Quant à la molécule d'eau, elle peut prendre la forme de vapeur, qui est un gaz à
effet de serre, mais si elle reste à 1 ou 2 kilomètres du sol, elle aura peu d'effet sur le
réchauffement, alors qu'en montant dans la troposphère, entre 9 et 16 kilomètres de
la surface de la Terre, elle accroît considérablement le mécanisme de l'effet de
serre.
Comment évaluer ensuite la part de l'influence de l'industrie dans le réchauffement de
la Terre ? Il est intéressant de constater la prudence des scientifiques sur cette question.
Néanmoins, le GIEC restait sur son interrogation dans son rapport de 1995, puis au sommet de Kyoto, en
1997, il a établi la responsabilité humaine de l'aggravation de l'effet de serre. Parmi
les preuves irréfutables, semble-t-il, il y a la question de l'origine sous-terrestre du gaz
carbonique présent dans l'atmosphère. On sait que les gisements de carbone souterrain ne
possèdent plus de carbone 14, qui a la particularité d'être instable. Or on constate
que les cernes des arbres qui ont grandi au début du vingtième siècle montrent une
absence de carbone 14 hors de proportion normale. Ces cernes possèdent par contre du carbone qui
s'est appauvri au fil des siècles, qui vient du charbon extrait des profondeurs du sol pendant la
révolution industrielle et qui a été brûlé. C'est ce carbone venu du
sol que l'on retrouve dans les cernes des arbres. Ainsi les arbres témoignent-ils de
l'influence déterminante de l'industrie sur l'air ambiant. Cette démonstration
demande des recherches et des analyses scientifiques très poussées, dictées par la
prudence de ces mêmes scientifiques.
Cette prudence n'est pas simplement formatrice pour les novices en la matière que nous sommes.

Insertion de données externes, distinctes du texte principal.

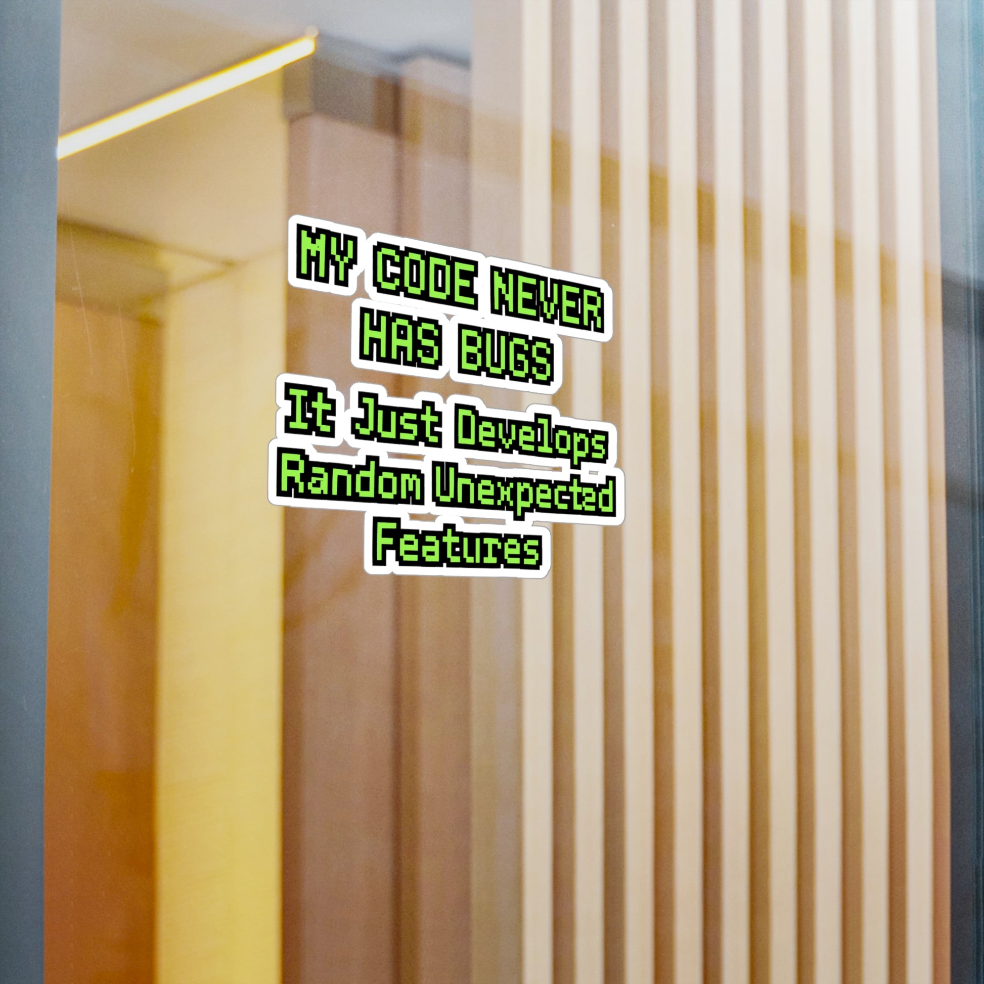 My Code Never Has Bugs – Funny Programmer Sticker for Laptop or Water Bottle | QA Developer Gift Decal

Elle est un moyen de ne jamais s'arrêter à une vérité
révélée, et d'essayer d'approfondir les analyses, de ne pas s'en tenir aux
formules toutes faites, qui relèvent du credo mais pas de la rigueur scientifique. Et elle
est certainement une nécessité pour pouvoir aborder les problèmes écologiques qui
subsisteront après la Révolution. Il est nécessaire en effet que de plus en plus de
jeunes et de travailleurs intègrent ces questions pour, demain, pouvoir anticiper sur les
problèmes environnementaux, à l'opposé des bourgeois qui, partisans du fait accompli
et de l'adage ‘après nous le déluge', ne soulèvent les problèmes
que lorsqu'ils sont devenus des catastrophes. Parfois d'ailleurs dans le but de constituer de
nouvelles industries (gestion des eaux, nouvelles normes de construction, mise aux enchères des
‘droits à polluer'...). Le marché mondial des biens et services liés à
l'environnement, établi à 250 milliards de dollars au début des années 1990,
a augmenté depuis de 5 % par an.
Du coup, de temps en temps les représentants de la bourgeoisie mondiale se
réunissent et font semblant de vouloir prendre des mesures (conférences de Rio en 1992, Kyoto
en 1997, La Haye en 2000). Ils font grossièrement mine de prendre des décisions, mais comment
aller à l'encontre d'un système productiviste fondé sur le gâchis et la
course à la concurrence tout en défendant les industriels et les banquiers ? En France, le
gouvernement Jospin a en effet créé une Ecotaxe en 1999 sur les entreprises qui produisent le
plus de gaz carbonique. Or l'argent récolté ne servait pas à financer des mesures
écologiques mais à financer les aides versées aux patrons pour le passage aux 35
heures ! Lorsque le gouvernement voulut élargir les entreprises taxées aux producteurs
d'électricité nucléaire, qui ne produisent pas de gaz polluants mais des
déchets très dangereux, le Conseil constitutionnel interdit cette extension.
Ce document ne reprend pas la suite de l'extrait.